El aislamiento de un clon de ADN genómico CPN10

La amplificación de genes putativo CPN10 fragmento fue utilizado para clasificar una L. donovani ADN genómico cosmid biblioteca [3]. Cosmids positivos fueron sometidos a una restricción Southern Blot digerir y análisis para identificar subfragments común que se encontraba la CPN10 gen (s). Un 1,5 kb XhoI I fragmento que CPN10 hibridación con la sonda se subcloned en pBluescript y sometidos a análisis de secuencias. La secuencia (GenBank AF394959) contiene un marco de lectura abierto ininterrumpido de 303 bp codificación de un polipéptido putativo 10,7 kDa. Una comparación de la secuencia de búsqueda BLAST confirmó este polipéptido putativo lo que se refiere a eucarióticas y procariótico co-chaperonins. Figura 1A muestra la posición de la L. donovani CPN10 en el linaje de los eucariotas CPN10 proteínas. L. donovani CPN10 grupos dentro de la kinetoplastid homólogos. Figura 1B muestra una alineación con el seleccionado eucarióticas CPN10 polipéptidos. El alto grado de conservación de secuencia entre LdCPN10 y sus homólogos en eucariotas superiores indica una función conservada.

Análisis del Sur

Dentro del conjunto de cromosomas haploides, L. donovani CPN10 parece ser solo ejemplar. Esto fue determinado por Southern Blot L. donovani análisis de ADN genómico, digeridos con 7 endonucleasas de restricción (Figura 2A]. El patrón de fragmentos de restricción no indica la presencia de copias adicionales de genes. También se realizó electroforesis en gel de campo pulsado (Figura 2B] para determinar la localización cromosómica de los genes CPN10. La sonda de hibridación CPN10 específicas cromosómicas a una banda de aproximadamente 1100 kb. Este tamaño corresponde a los cromosomas 26 o 27 ter. Esto se confirmó cuando la secuencia de los principales L. genoma fue terminado; dos copias de CPN10 se encuentran en el cromosoma 26 http://www.genedb.org/genedb/Search?name=LmjF26.0620&organism=leish.

RT-PCR análisis

Del Norte análisis de L. donovani ARN utilizando un CPN10 específicos de la sonda no produjo ningún bandas en el rango de tamaño esperado. Para cerciorarse de que el putativo CPN10 gen codifica una ARN estable, se realizó RT-PCR. De células enteras se reversely ARN transcrito utilizando un oligo-dT primer. El primer capítulo de cDNA se utilizó como modelo en una amplificación mediante PCR primers CPN10-1 y CPN10-4. Controles negativos incluyó una amplificación de material de una combinación de la síntesis de cDNA que se han inactivado a 65 ° C durante 10 minutos (Figura 2C, carril 1), y una amplificación con una cantidad equivalente de células enteras RNA como plantilla (carril 3), a Excluir contaminaciones de ADN en el ARN preparación. Ambas reacciones no da lugar a un producto de amplificación. La reacción de ADNc como plantilla (carril 2), sin embargo, produjo un ~ 350 bp PCR producto, gran parte la misma que la reacción con el ADN genómico como plantilla (carril 4). Llegamos a la conclusión de que la estable, polyadenylated RNA se produce a partir de la CPN10 gen.

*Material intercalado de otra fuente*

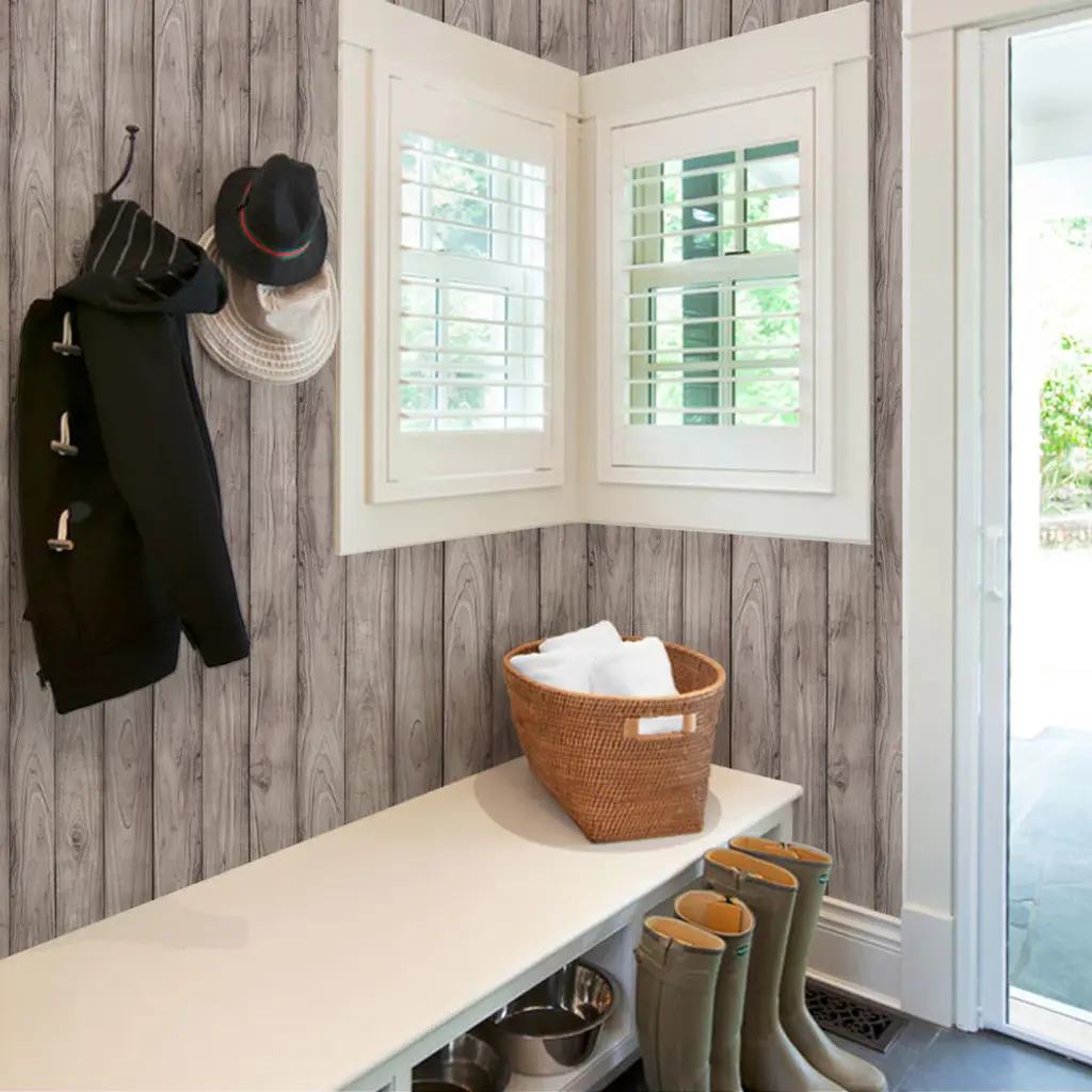Wood Peel And Stick Vinyl Wallpaper, Gray, 24"w X 108"h
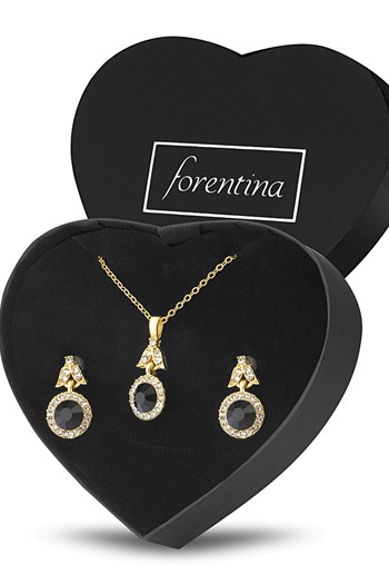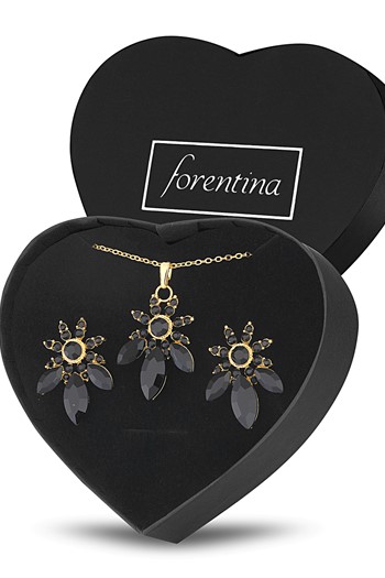 Forentina Altın Kaplama Siyah Taşlı Kolye Küpe Takı Seti PS3100
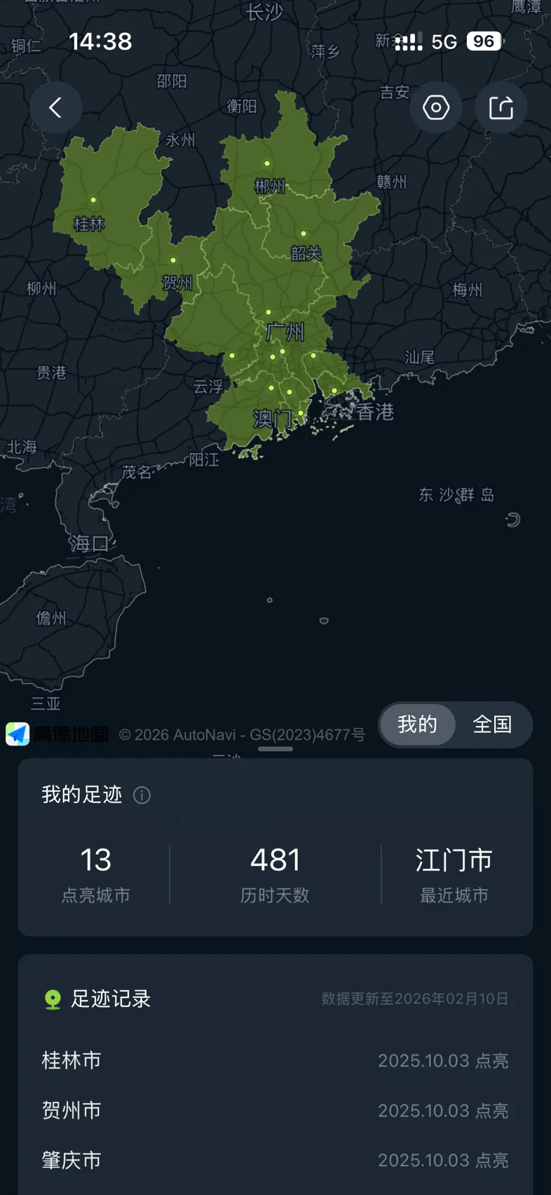 我的出行足迹遍布13座城市,历时481天,最近一次点亮的城市是江门。从桂林到贺州,从肇庆到广州,每一段旅程都有小鹏的陪伴。记得去年10月3日,我开着小鹏从江门出发,一路向南,途经珠海、澳门,最终抵达香港。在广珠西线高速上,我全程开启辅助驾驶,不仅缓解了长途驾驶的疲劳,还能更专注地欣赏沿途的风景。当车辆自动跟车、变道、超车时,那种科技带来的安全感和便捷感,让我对未来出行充满了期待。

Producción de anticuerpos anti-CPN10

El marco de lectura abierta CPN10 se subcloned en pJC45, un derivado de la pJC40 [4, 12], para la expresión en E. coli cepa Bl21 (DE3) [13]. Su-etiquetados CPN10 fue purificado por cromatografía de metal quelato (Figura 3] y se usa para immunise las gallinas ponedoras. Los anticuerpos fueron preparados a partir de yema de huevo, antes y después de la inmunización de rendimiento pre-inmune y CPN10 preparativos de anticuerpos específicos. En los análisis Western Blot, estos anticuerpos recombinantes rCPN10 fielmente reconocidos (no se muestra).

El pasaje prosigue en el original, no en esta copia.